*11 Haziran, 2001*
Gelen tıkırtılar ile uyandığım zaman bugünün, o gün olduğunu anlamıştım. Hızlıca yatağımdan kalktım ve yere düşen oyuncağımı umursamadan hemen odamın yanındaki banyoya koştum. Yüzümü yıkadıktan sonra hızlıca odama geri döndüm. Annemin yatağımı toplamadığım için kızacağını biliyordum fakat umursamadım.
Bugün o gidecekti.
Üzerime onun en çok sevdiği çiçekli beyaz elbisemi giydim ve hemen odamdan çıktım. Annem bugün evdeydi, bu nedenle geç kalkardı. Yani sanırım. Kapının önüne geldiğim zaman sade olan ayakkabılarımdan birisini giydim ve yavaşça kapıyı açıp dışarı çıktım.

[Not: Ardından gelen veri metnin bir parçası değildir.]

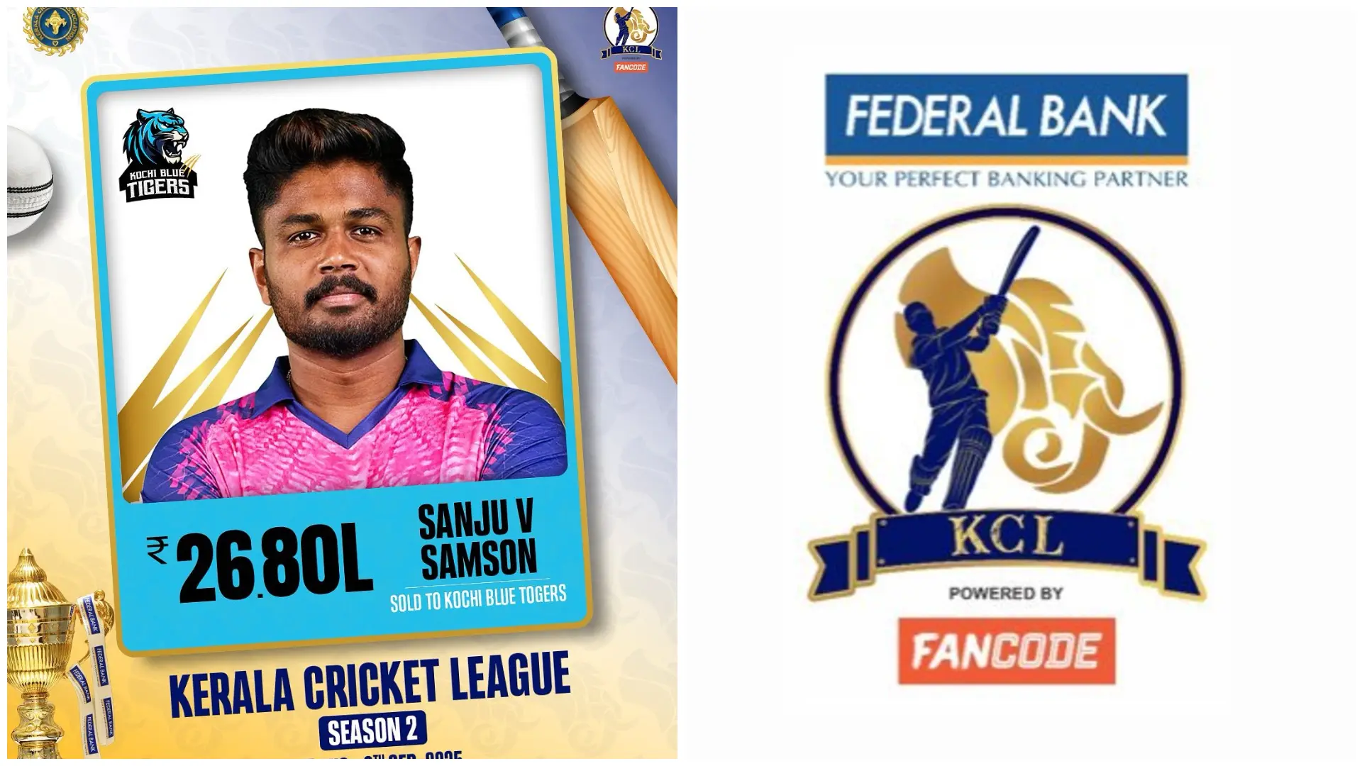 കേരളാ ക്രിക്കറ്റ് ലീഗിന്റെ രണ്ടാം സീസൺ ഓഗസ്റ്റ് 21 മുതൽ സെപ്റ്റംബർ 6 വരെയാണ് നിശ്ചയിച്ചിരിക്കുന്നത്. ശ്രീലങ്കൻ പര്യടനവും കെസിഎല്ലും ഒരേ സമയങ്ങളിൽ വരാൻ സാധ്യതയുണ്ട്. അങ്ങനെയങ്കിൽ സഞ്ജുവിന് കെസിഎല്ലിൽ കളിക്കാൻ കഴിയില്ല. കഴിഞ്ഞ കെസിഎൽ ലേലത്തിൽ 26.80 ലക്ഷം രൂപയ്ക്ക് ‘കൊച്ചി ബ്ലൂ ടൈഗേഴ്സ്’ ടീമാണ് സഞ്ജുവിനെ സ്വന്തമാക്കിയത്.ഇത് കെസിഎൽ ചരിത്രത്തിലെ ഏറ്റവും ഉയർന്ന ലേലത്തുകയായിരുന്നു.

Bugün o gidecekti, bu yüzden artık ona onu sevdiğimi söyleyebilirdim. Onu nerede görecektim ki? Ona onu sevdiğimi söylediğim her zaman, bunun arkadaşça olduğunu düşünüyordu ve bana gülümsüyordu.
Yan evin bahçesinde -bu Jacklerin bahçesi oluyor- Jack'i üzgün bir şekilde görünce kalbimin acıdığını hissettim.Tamam, 5 yaşında olabilirdim fakat bu onu sevemeyeceğim anlamına gelmiyordu. Koşarak yanına gittim ve gülümsedim. "Hey," dediğim zaman bana döndü. Üzgün olduğu halde gülümsedi, "Selam, Bella."
Elimle kamyonu ve babasının arabasını gösterdim. "Şaka yapmamışsın." Zorla gülümsedi. "Üzgünüm."
Omuz silktim. "Sorun değil, Jack. Bir daha görüşeceğiz, değil mi?"
"Sanırım. Şey, seni unutmayacağım." Kollarını açtı ve ona sıkıca sarıldım. "Ben de seni unutmayacağım, Jack."
Ben onun kolları arasından çıkarken annemin bizi gülümseyerek izlediğini gördüm. Jack'i sevdiğimi biliyordu ve bugün ona söylemem konusunda beni ikna etmişti.
Jack'in babası David amca bağırdı, "Hadi, Jack! Gitmemiz gerek." Jack zorla gülümsedi. "Gidiyorum, Bella. Sonra görüşeceğiz. Umarım."
Jack bana yeniden sarıldı ve koşarak babasının yanına gitti.
Derin bir nefes aldım. Yapmam gerekliydi. "Jack!" diye bağırdığım zaman Jack arkasını dönüp bana baktı. Tekrar bir nefes aldım, yapabilirdim. "Seni seviyorum!"
Ve o sadece gülümsedi.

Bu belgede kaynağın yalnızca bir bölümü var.